To what degrees private players/entities would have complied with such a policy, especially multi-national ones, is unclear. They could have made broad outlines in terms of data retention, although private entities may not be willing or able to comply, he says. For instance, no one has complied with the Department of Telecom note from 2007, limiting the use of symmetric encryption in India to 40 bits - including public sector banks, which are mandated by RBI to use a minimum of SSL/128 bit encryption since 2001.
Policy Apparatus Lacks Maturity
App Sec Lab's Mahajan says the draft document's approach to encryption is superficial. "The document alternately mentions encryption and cryptography, which are not the same," he says. It also ignores anything relating to embedded devices and wearables, all of which use encryption. How do you store this information in plain text? "Going by the policy, will anyone using an open source Linux OS - in keeping with Digital India's open source dreams - be doing something illegal if it is not registered? How is this going to be implemented?"
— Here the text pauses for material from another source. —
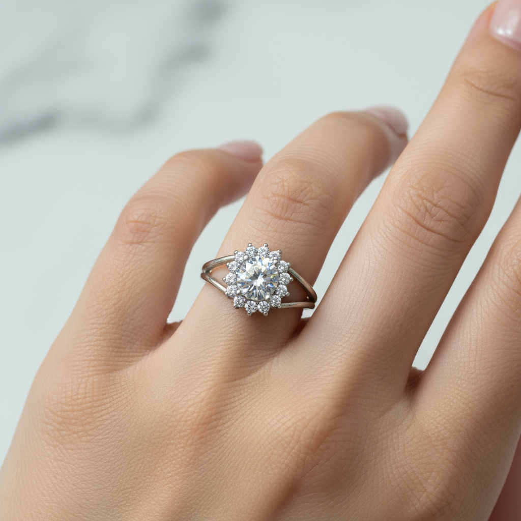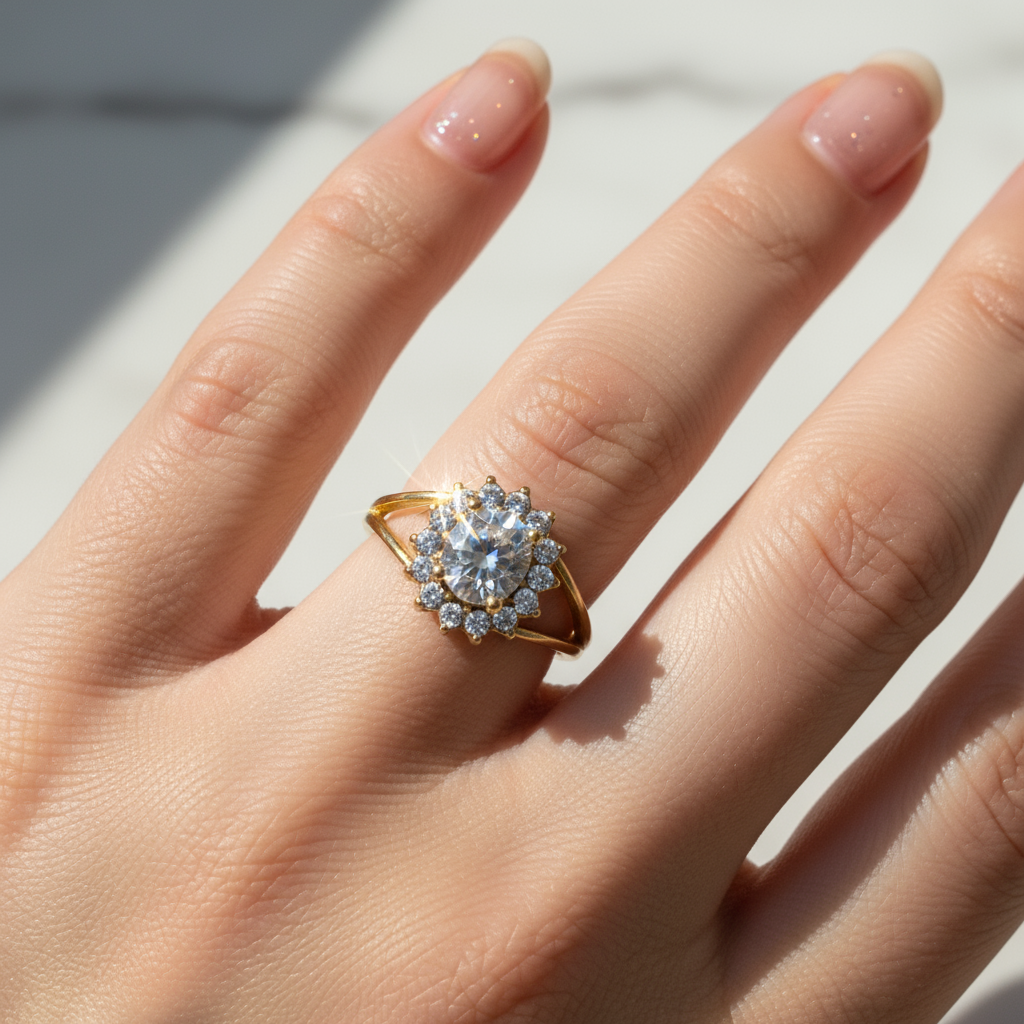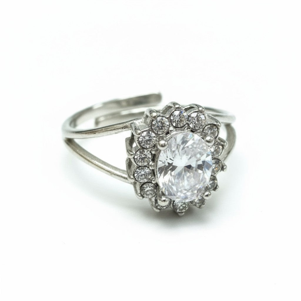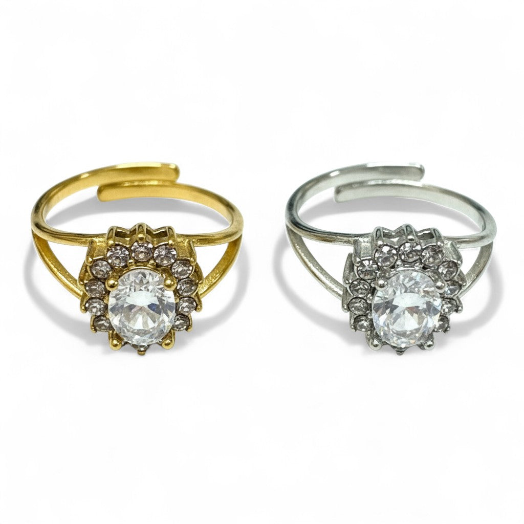 Crystal Bloom Ring – Ατσάλινο Δαχτυλίδι με Ζιργκόν Halo
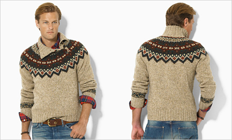 На зиму лучше покупать свитер с высоким воротом или горловиной из натуральной шерсти, как свитер от Ralph Lauren из шерсти альпаки (295 долларов США).

It is typical of the Indian government's policies that when such policies come out, people get on their hobby horses and add all sorts of things, says CIS' Abraham. Maybe it started off with an interception and data retention policy, and the other elements got tacked on, he suggests. The inherent contradictions in the document reflect a lack of clarity on the policy objective, he adds.
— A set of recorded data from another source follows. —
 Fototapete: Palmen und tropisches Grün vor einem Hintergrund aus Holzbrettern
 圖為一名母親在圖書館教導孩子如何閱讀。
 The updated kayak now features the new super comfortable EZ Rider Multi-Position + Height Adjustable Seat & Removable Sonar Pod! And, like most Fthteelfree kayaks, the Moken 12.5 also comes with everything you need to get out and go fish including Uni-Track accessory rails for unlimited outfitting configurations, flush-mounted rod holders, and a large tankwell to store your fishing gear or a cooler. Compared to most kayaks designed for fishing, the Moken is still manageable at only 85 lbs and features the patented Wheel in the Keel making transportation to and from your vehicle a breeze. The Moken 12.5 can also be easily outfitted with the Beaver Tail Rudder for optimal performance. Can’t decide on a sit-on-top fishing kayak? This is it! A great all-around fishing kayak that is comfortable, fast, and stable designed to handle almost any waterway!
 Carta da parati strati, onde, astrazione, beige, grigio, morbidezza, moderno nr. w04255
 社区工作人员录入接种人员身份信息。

The government is trying to interfere with the standards process when it dictates what the market should be doing, Abraham believes. "This is the wrong way to regulate technology; it's overreaching," he says.
Sensible governance requires a keen insight of regulatory capacity and enforcement ability. "Something as impractical as this makes a mockery of government policy; DeITY's present draft would have overreached on both counts." Abraham says. "The government has neither the capacity to regulate encryption, nor to enforce this policy, if passed into law"
The lesson for future efforts at writing technology policies is that technology should not ideally be regulated, he believes. "What you want to regulate is the behavior of corporations; you should not be dictating technical nitty-gritties to the market," he advises. "Always be conservative in new regulation, and monitor developments in other jurisdictions, lest the industry stop taking you seriously."
Forcible regulation stymies innovation and cripples startups, Mahajan believes. This draft would have required all software utilizing encryption to be rewritten. "With 30 percent of Indian exports being in software, how does the government plan to justify this decidedly immature move globally?" he asks.